# The data:
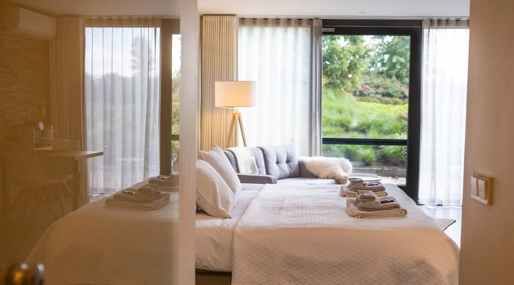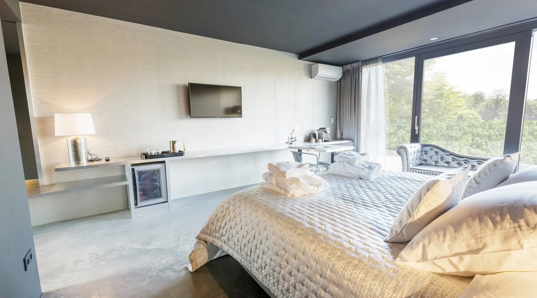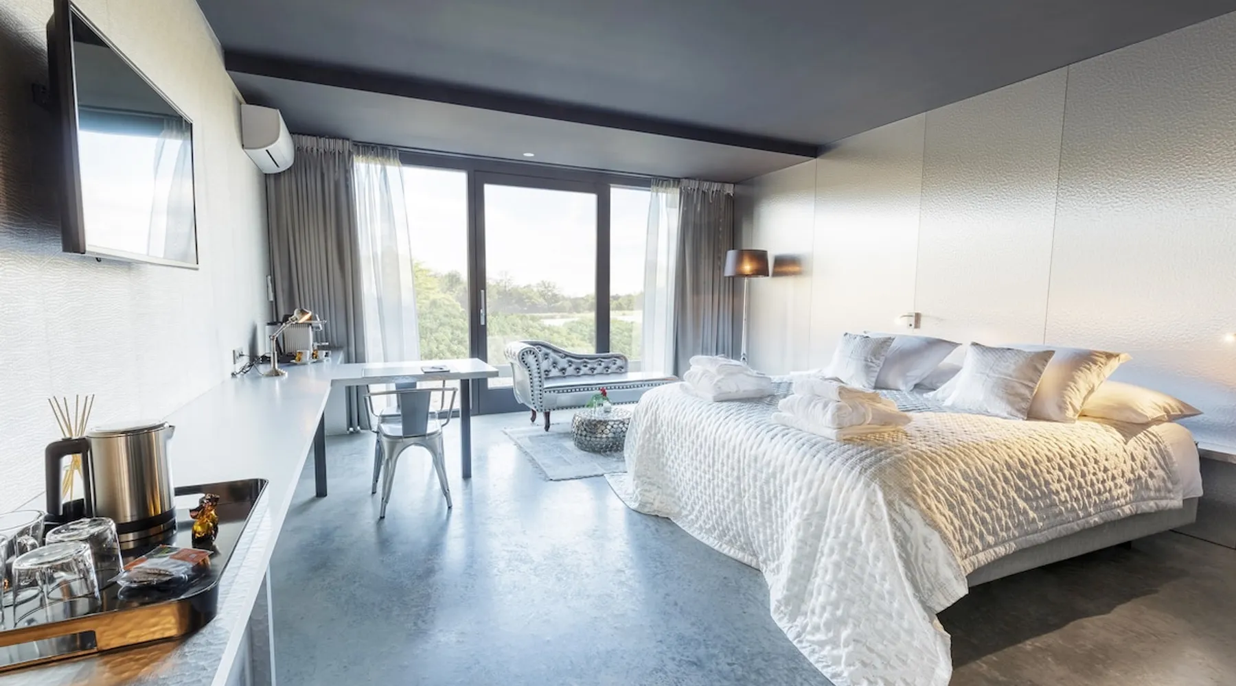 This luxury holiday home is one of the top accommodations in the Netherlands. Staying in this modern holiday home is like staying in a luxury hotel, with five bedrooms, each with its own bathroom, and breathtaking nature right on your doorstep. There is plenty of space for children to play, and in the evening you can relax in the lounge with TV and bar. The space La Marquise luxury holiday home in Budel offers stylish and spacious holiday accommodation with five bedrooms and five bathrooms. Each bedroom is furnished as standard for two people, but an extra bed can be added to each room on request. The house has a comfortable living room, an attractive dining area and several cosy family rooms, providing plenty of space for socialising and privacy. Guests can relax in the sauna, enjoy the sun on the spacious terrace or unwind in the beautiful garden. The house has a bar, a coffee room and various indoor and outdoor seating areas – ideal for relaxing or enjoying a drink together. Free WiFi is available throughout the house. There is free private parking on site, including a charging station for electric cars. The house is equipped with air conditioning, a fully equipped kitchen and a washing machine. Everything is provided for a comfortable and carefree stay in an attractive setting. Guest access Guests have the entire house to themselves and do not have to share any spaces with others. All facilities in the house are for their exclusive use, with the exception of the meeting room, which is not accessible during their stay. Other things to note The minimum age for bookings is 25 years. Parties and noisy gatherings are not permitted. Enjoying a drink together is of course part of the experience, but we ask guests to be considerate of the neighbours and respect the peace and quiet of the surroundings. La Marquise is intended for groups who want to enjoy comfort, atmosphere and quality in a relaxed setting.
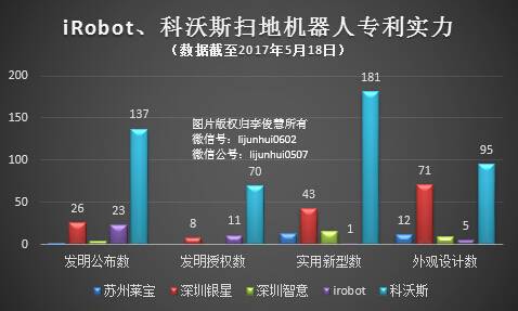 其三,與科沃斯相比,深圳智意、蘇州萊寶、深圳銀星等三家企業(yè)專利實(shí)力較弱,iRobot的勝訴概率更大。
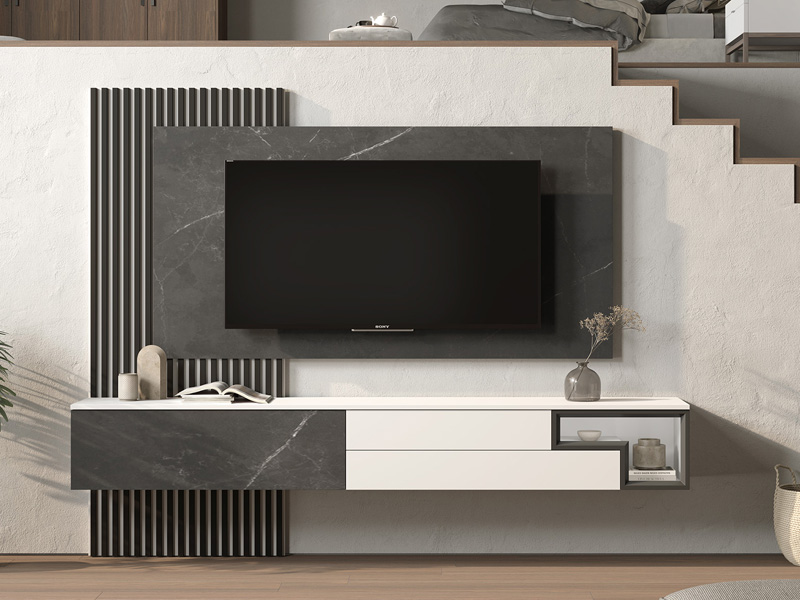 Mueble de comedor moderno en color perla lacado combinado en color porcelánico gris. Compuesto por : palilleria de 90 cm de ancho en grafito y perla, panel de TV de 106 x 210 en color porcelánico gris, módulo de una puerta abatible de 120 en color porcelánico gris y módulo de 150 con 2 cajones y hueco con forma con marco metálico con leds interior. Disponible en diferentes medidas y combinación de colores.
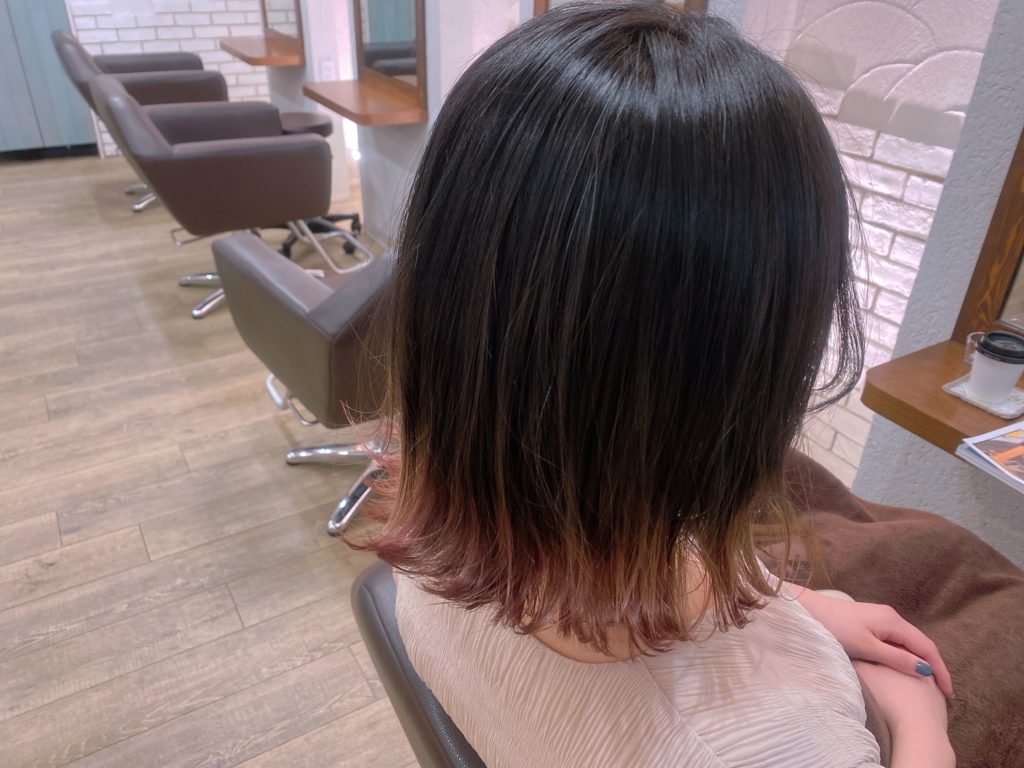 毛先をブリーチし、オンカラーでほんのりピンクに💓
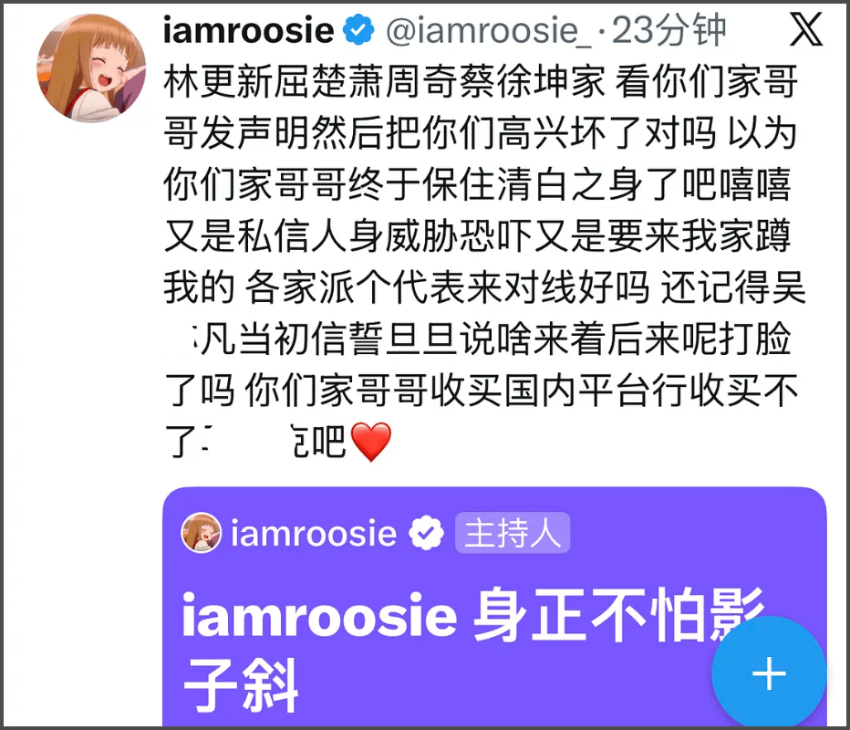 还说已经准备好和各家粉丝对线,“身正不怕影子斜”,似乎手里还有更多证据等着爆料。

# Work instructions:
Nothing but the lines from the line containing "Mueble de comedor" through the last line of the records above is to be extracted, exactly and with no pictures.

# Response box:
 Mueble de comedor moderno en color perla lacado combinado en color porcelánico gris. Compuesto por : palilleria de 90 cm de ancho en grafito y perla, panel de TV de 106 x 210 en color porcelánico gris, módulo de una puerta abatible de 120 en color porcelánico gris y módulo de 150 con 2 cajones y hueco con forma con marco metálico con leds interior. Disponible en diferentes medidas y combinación de colores.
 毛先をブリーチし、オンカラーでほんのりピンクに💓
 还说已经准备好和各家粉丝对线,“身正不怕影子斜”,似乎手里还有更多证据等着爆料。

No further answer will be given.